BEGIN DATA TO EXAMINE
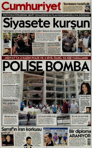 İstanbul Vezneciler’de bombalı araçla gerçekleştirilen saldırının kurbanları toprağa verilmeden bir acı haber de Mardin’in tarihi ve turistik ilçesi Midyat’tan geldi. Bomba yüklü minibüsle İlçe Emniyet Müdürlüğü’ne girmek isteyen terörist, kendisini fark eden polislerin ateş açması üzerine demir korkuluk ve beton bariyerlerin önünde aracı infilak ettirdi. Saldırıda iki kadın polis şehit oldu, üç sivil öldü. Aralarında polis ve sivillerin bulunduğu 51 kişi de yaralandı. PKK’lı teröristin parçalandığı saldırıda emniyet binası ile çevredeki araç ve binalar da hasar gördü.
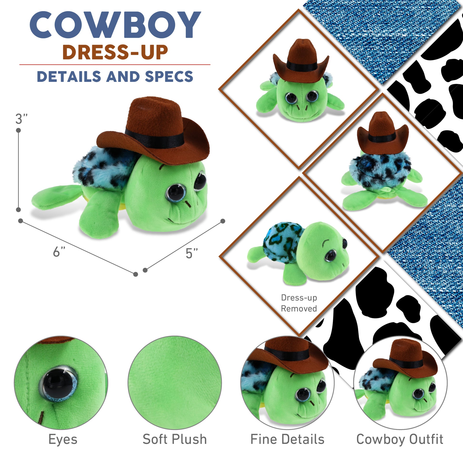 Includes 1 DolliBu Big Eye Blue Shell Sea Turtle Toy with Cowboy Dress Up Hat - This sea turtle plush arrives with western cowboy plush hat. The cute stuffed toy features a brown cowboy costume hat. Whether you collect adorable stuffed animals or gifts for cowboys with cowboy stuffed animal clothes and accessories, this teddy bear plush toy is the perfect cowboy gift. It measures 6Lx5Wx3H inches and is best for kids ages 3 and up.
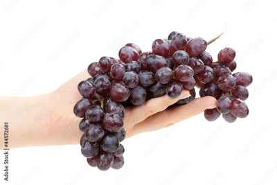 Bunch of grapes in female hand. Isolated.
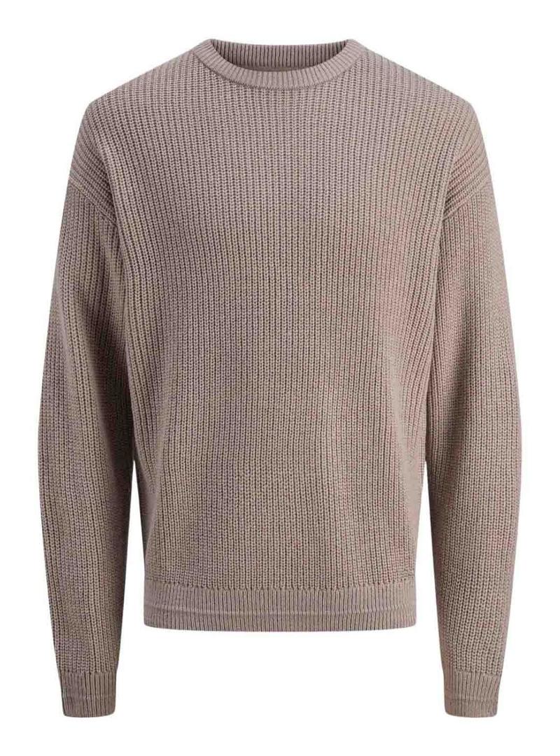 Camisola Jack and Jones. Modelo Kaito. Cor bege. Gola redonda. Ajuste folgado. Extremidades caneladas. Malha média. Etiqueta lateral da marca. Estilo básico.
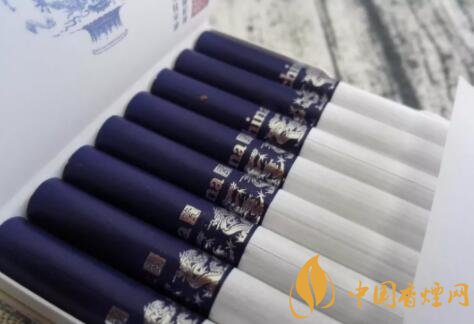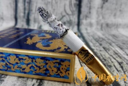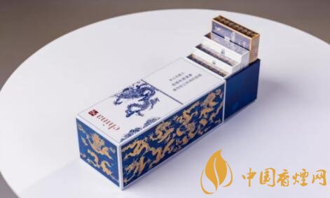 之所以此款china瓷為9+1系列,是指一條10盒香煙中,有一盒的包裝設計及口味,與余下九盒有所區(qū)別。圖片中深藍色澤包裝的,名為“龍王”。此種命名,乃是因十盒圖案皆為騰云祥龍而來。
END DATA TO EXAMINE
**YOUR GOAL**
Beginning with the line containing "Camisola Jack and" and ending with the last line of the data above, repeat each line exactly. Include no pictures and no other lines.

**TASK RESPONSE**
 Camisola Jack and Jones. Modelo Kaito. Cor bege. Gola redonda. Ajuste folgado. Extremidades caneladas. Malha média. Etiqueta lateral da marca. Estilo básico.
 之所以此款china瓷為9+1系列,是指一條10盒香煙中,有一盒的包裝設計及口味,與余下九盒有所區(qū)別。圖片中深藍色澤包裝的,名為“龍王”。此種命名,乃是因十盒圖案皆為騰云祥龍而來。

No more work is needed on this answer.